Goin’ down that road feeling bad – At the start of this song Woody Guthrie talks about its creator, how “he wrote this song… or got it started”. The dominant model of the 20th century was the ‘auteur theory’, trying to find a single person to focus on as the sole driving force behind any project, but I felt the way Woody phrased it there captures a lot more of the reality of the creative process. Everything worthwhile I’ve been involved in has taken both a crazy person to start things rolling and a lot of people to join in and actually build it. I feel a post about “folk coding” coming on, it feels like the open source world has a lot in common with the way traditional music was passed around and improved.

Five short links

Fivehands
Photo by Search Engine People

Informed Consent in Information Technology – An awesome PhD thesis on the problems with those ridiculous license agreements we all click through without reading, and even better with some practical suggestions on how to fix those problems. Apparently Catherine's now looking for more funding to continue her work – am I allowed to dream that Apple or Microsoft might want to bring her on board to fix their EULAs?

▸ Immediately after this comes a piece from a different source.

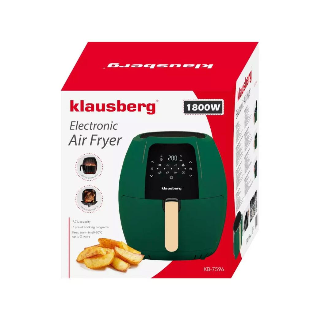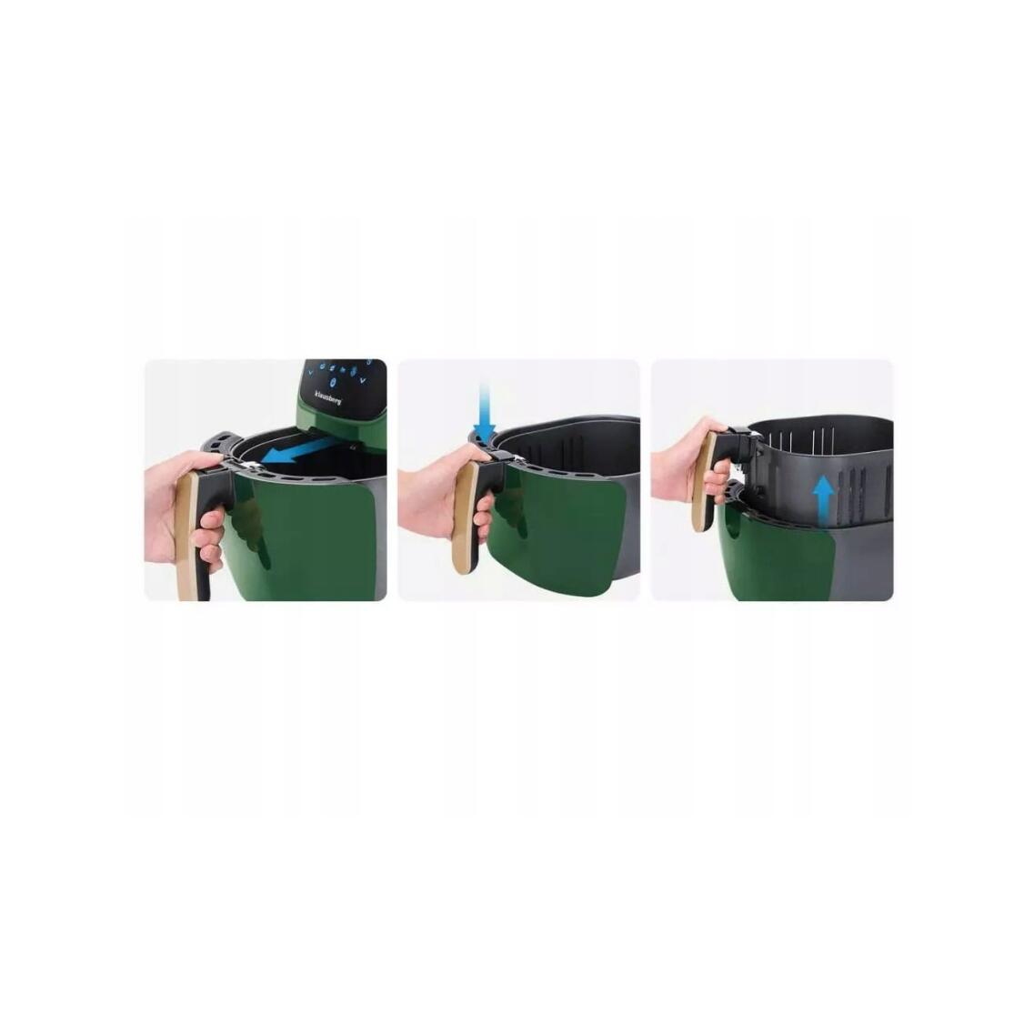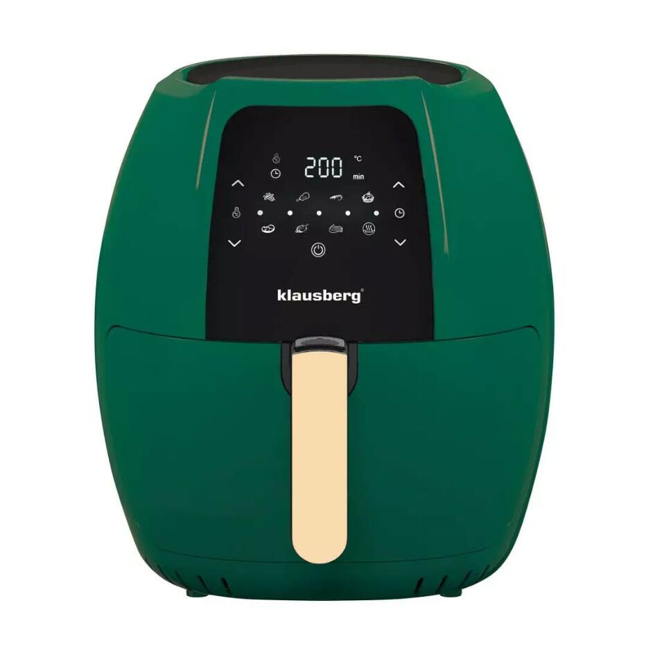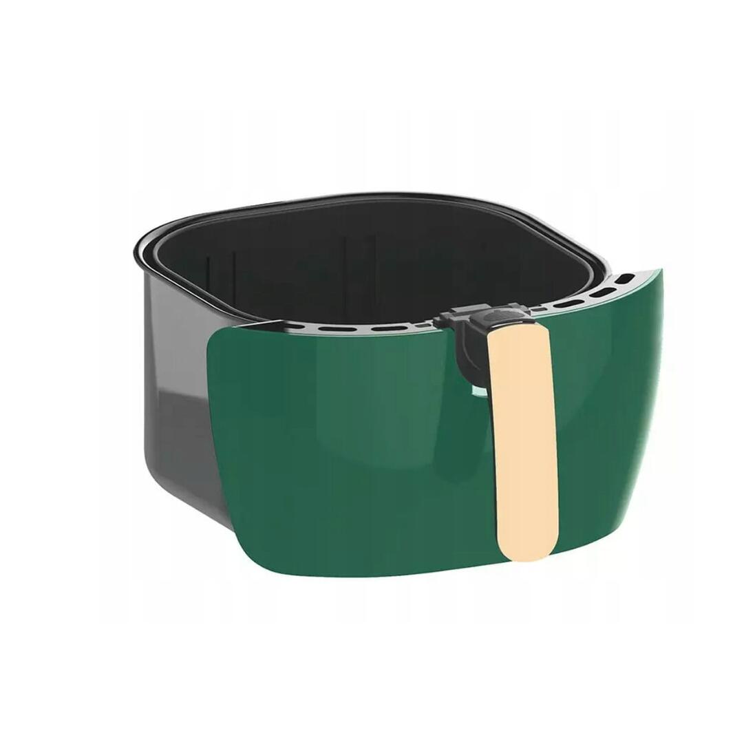 Friteuza cu aer este un dispozitiv multifunctional, compact, care va permite sa coaceti, prajiti, incalziti, gratar si dezghetati. Friteuza foloseste o tehnologie unica de circulatie a aerului cald, astfel incat nu este nevoie de ulei pentru prepararea alimentelor. Folosește un curent de aer fierbinte învolburat, care asigură că mâncarea este încălzită uniform mai întâi, iar apoi la grătar - până când se obține efectul dorit sub formă, de exemplu, de piele crocantă de pui. Poate fi incalzit, copt, prajit si gratar, deci este un aparat de bucatarie universal care ajuta la pregatirea zilnica a meselor sanatoase si dietetice. Carcasa dispozitivului este realizată din plastic rezistent într-o culoare verde elegantă. Friteuza este echipată cu o inserție antiaderentă pentru prăjit care vă permite să pregătiți o varietate de feluri de mâncare. Puteți găti un pui întreg în aparat. Vasul poate fi spalat in masina de spalat vase. Panoul de control are un buton de reglare a temperaturii în intervalul de la 80 la 200 ° C și un buton de cronometru care vă permite să setați timpul de lucru în intervalul de la 0 la 60 de minute. Elementul de încălzire de 1800 W vă permite să atingeți rapid temperatura necesară, iar termostatul o va menține la nivelul setat.

TravellerMap – I was never quite cool enough to play the Traveller role-playing game back in the 80's, but they built a fascinating background universe. I stumbled across this site by accident, but the author has built a beautifully detailed interactive map for exploring the whole galaxy, and I'm in awe of this as a labor of love.

Analysis of the 'Flash Crash' – I've always been hooked on odd events, and May's sudden stock-market drop and recovery is one of the oddest I've come across. I don't have enough financial world chops to understand everything in this paper, but it's a detailed technical post-mortem of what actually happened.

Wikiposit – Another rich collection of public data sets, mostly financial, with the site code released under the GPL

Swarm Light – This art installation sends shivers down my spine every time I watch it, and it's a technical masterpiece too, using hundreds of CPUs to control the lights. Make sure you go to 1'30'' in the video, that's where it really starts to take off.